An overview of our Research
Because animals live in a constantly changing environment (think about the fluctuations in temperature that take place seasonally or during a single day), their survival depends critically on their ability to detect and react to these alterations. To this end, the entire surface of the body, including the eyes and the mouth, and many viscera (gut, lungs, etc) are equipped with tiny nerve endings that express specialized receptors that act as miniature signal amplifiers, detecting changes in temperature, mechanical forces and a variety of chemical irritants. The general objective of our research group is to try to understand how the nervous system senses the environment, focusing on the role played by ion channels in mechanosensation, temperature sensing and pain. Detecting these signals is obviously useful and can protect our body from harm. However, in many pathological conditions (arthritis, diabetes, etc), activity in these receptors is altered, leading to exaggerated pain and other unpleasant sensations like itch. In our studies, we combine different experimental approaches. Using genetic labeling strategies, we can identify subpopulations of sensory neurons that are involved in the transduction of specific stimuli. These neurons are further characterized using electrophysiological recordings or purified for biochemical analysis or genomic profiling. We also perform behavioral characterization of animals lacking specific ion channels in different models of chronic pain. The ultimate goal of our research program is to establish the contribution of particular ion channels to somatic and viscera sensations and their role in pathological conditions like chronic pain and inflammation. Finally, we also explore the potential to develop novel analgesic drugs targeting these receptors.

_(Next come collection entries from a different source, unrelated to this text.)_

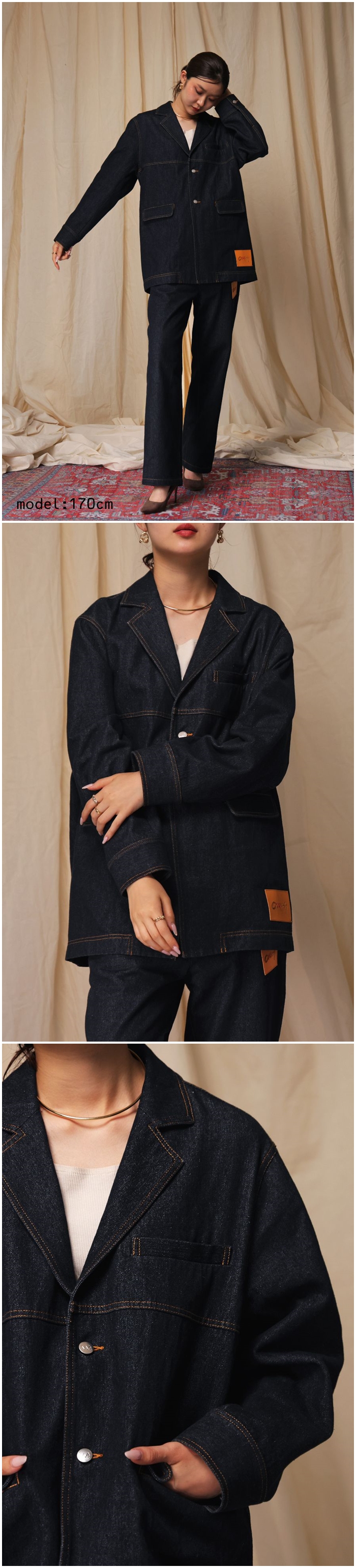 インディゴデニムを採用し、着込むごとに風合いが増す素材感が魅力です。
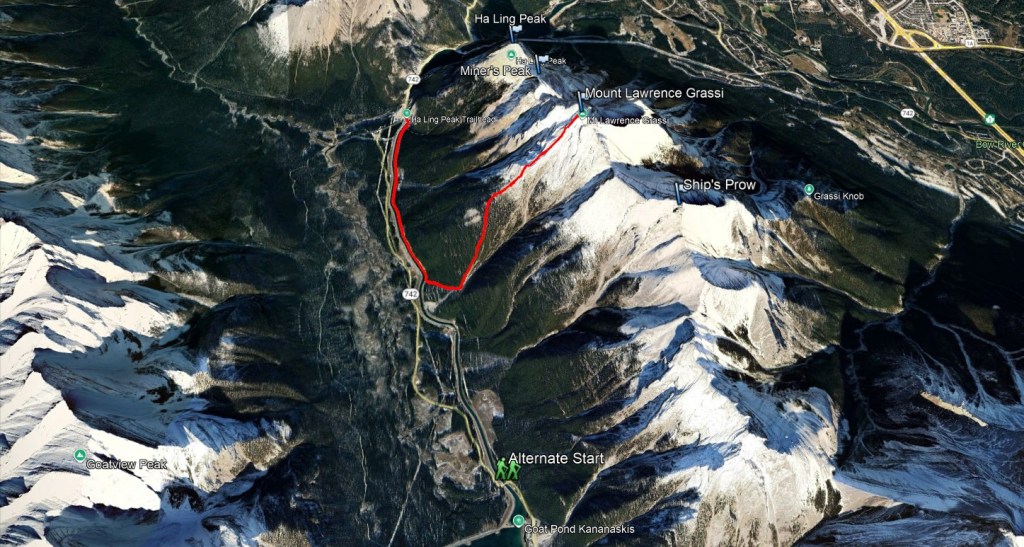 Notes: Kananaskis Conservation Pass Required. Can be accessed from the Ha Ling trailhead or the Ship’s Prow trailhead (identified below as an Alternate Start).
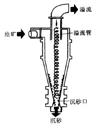 | 旋流器的構(gòu)造如圖3-4-17所示。主要由一個(gè)空心圓柱體和圓錐體連接而成。圓柱體的直徑代表旋流器的規(guī)格,由50~1000mm,常用者為125~500mm。在圓柱體中心插入一個(gè)溢流管,沿切線方向接有給礦管,在錐體下部留有沉砂(或稱底流)口。 |

To study the expression and function of ion channels, sensory ion channels, and thermoreceptors in particular, in different pathological conditions that lead to abnormal pain sensations. This knowledge is fundamental to eventually use these molecular receptors as analgesic targets.
We are also interested in understanding the cellular and molecular bases of low and high-threshold mechanotransduction by mammalian primary sensory neurons under conditions of inflammation and the effects of specific components of the extracellular matrix on articular pain.